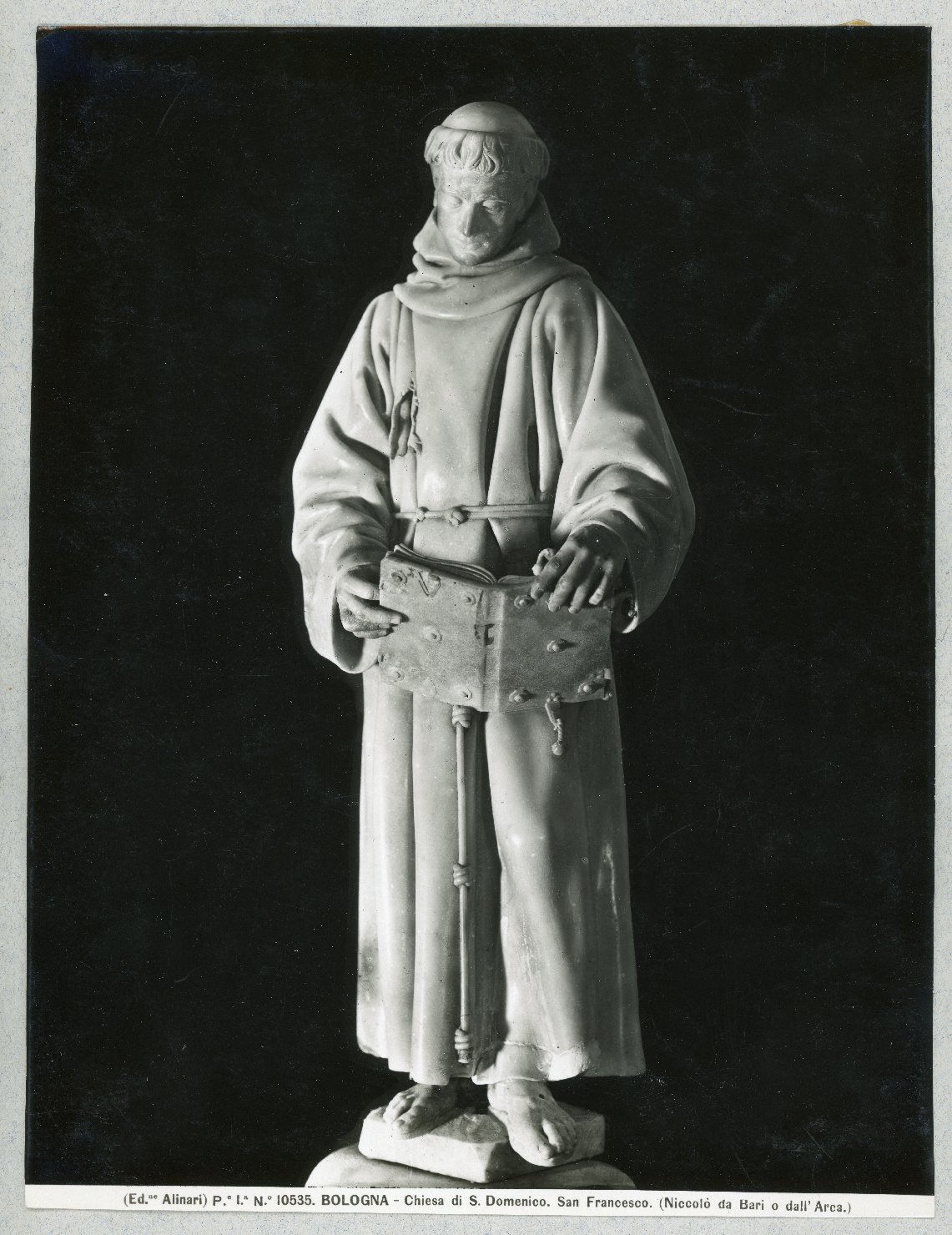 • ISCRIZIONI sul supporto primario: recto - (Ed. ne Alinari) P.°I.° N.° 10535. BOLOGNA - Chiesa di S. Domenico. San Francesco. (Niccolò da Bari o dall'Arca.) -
---*---
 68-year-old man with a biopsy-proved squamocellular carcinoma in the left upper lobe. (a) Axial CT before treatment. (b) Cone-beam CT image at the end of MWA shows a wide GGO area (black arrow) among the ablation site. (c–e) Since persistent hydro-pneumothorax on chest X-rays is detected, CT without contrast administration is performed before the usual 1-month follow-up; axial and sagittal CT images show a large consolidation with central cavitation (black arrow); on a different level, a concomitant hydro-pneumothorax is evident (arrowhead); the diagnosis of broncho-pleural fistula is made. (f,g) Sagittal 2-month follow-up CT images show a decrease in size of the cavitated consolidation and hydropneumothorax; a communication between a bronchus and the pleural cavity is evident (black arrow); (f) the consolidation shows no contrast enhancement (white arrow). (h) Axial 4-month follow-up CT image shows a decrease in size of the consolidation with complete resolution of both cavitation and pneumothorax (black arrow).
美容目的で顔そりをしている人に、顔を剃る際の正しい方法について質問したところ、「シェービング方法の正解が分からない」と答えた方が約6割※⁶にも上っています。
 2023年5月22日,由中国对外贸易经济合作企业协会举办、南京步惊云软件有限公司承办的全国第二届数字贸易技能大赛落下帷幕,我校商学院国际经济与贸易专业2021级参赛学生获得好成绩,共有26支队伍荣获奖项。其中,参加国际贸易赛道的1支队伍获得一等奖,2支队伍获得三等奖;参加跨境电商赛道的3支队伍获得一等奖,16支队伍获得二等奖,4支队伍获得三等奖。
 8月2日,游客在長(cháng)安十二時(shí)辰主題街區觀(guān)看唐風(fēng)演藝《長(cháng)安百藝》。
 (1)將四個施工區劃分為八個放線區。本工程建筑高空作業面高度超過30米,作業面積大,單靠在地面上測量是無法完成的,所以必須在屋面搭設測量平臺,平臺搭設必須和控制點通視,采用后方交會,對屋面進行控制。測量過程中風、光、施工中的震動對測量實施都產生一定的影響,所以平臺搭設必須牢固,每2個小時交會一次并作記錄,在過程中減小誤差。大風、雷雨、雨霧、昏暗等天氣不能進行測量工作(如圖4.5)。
---*---
* Brief:
Above are the entries. Quote exactly the lines from the one bearing "美容目的で顔そりをしている人" through the one bearing "8月2日,游客在長(chán".

* Written solution:
美容目的で顔そりをしている人に、顔を剃る際の正しい方法について質問したところ、「シェービング方法の正解が分からない」と答えた方が約6割※⁶にも上っています。
 2023年5月22日,由中国对外贸易经济合作企业协会举办、南京步惊云软件有限公司承办的全国第二届数字贸易技能大赛落下帷幕,我校商学院国际经济与贸易专业2021级参赛学生获得好成绩,共有26支队伍荣获奖项。其中,参加国际贸易赛道的1支队伍获得一等奖,2支队伍获得三等奖;参加跨境电商赛道的3支队伍获得一等奖,16支队伍获得二等奖,4支队伍获得三等奖。
 8月2日,游客在長(cháng)安十二時(shí)辰主題街區觀(guān)看唐風(fēng)演藝《長(cháng)安百藝》。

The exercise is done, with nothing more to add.